#### ACTION ITEM
Return the data below exactly, but only from the line containing "Складная пляжная коляска, туристический" through the line containing "- Längste Brücke: 350", with both of those lines included.

#### PROVIDED INFORMATION
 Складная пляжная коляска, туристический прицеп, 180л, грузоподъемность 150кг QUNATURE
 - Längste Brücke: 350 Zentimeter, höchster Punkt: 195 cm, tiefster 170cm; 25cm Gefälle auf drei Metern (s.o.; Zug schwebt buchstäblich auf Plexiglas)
--
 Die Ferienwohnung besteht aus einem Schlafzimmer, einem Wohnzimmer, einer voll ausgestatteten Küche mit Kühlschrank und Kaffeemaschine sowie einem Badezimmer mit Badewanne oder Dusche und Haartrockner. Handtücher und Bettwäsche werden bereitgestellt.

#### RESULT OF THIS EXERCISE
 Складная пляжная коляска, туристический прицеп, 180л, грузоподъемность 150кг QUNATURE
 - Längste Brücke: 350 Zentimeter, höchster Punkt: 195 cm, tiefster 170cm; 25cm Gefälle auf drei Metern (s.o.; Zug schwebt buchstäblich auf Plexiglas)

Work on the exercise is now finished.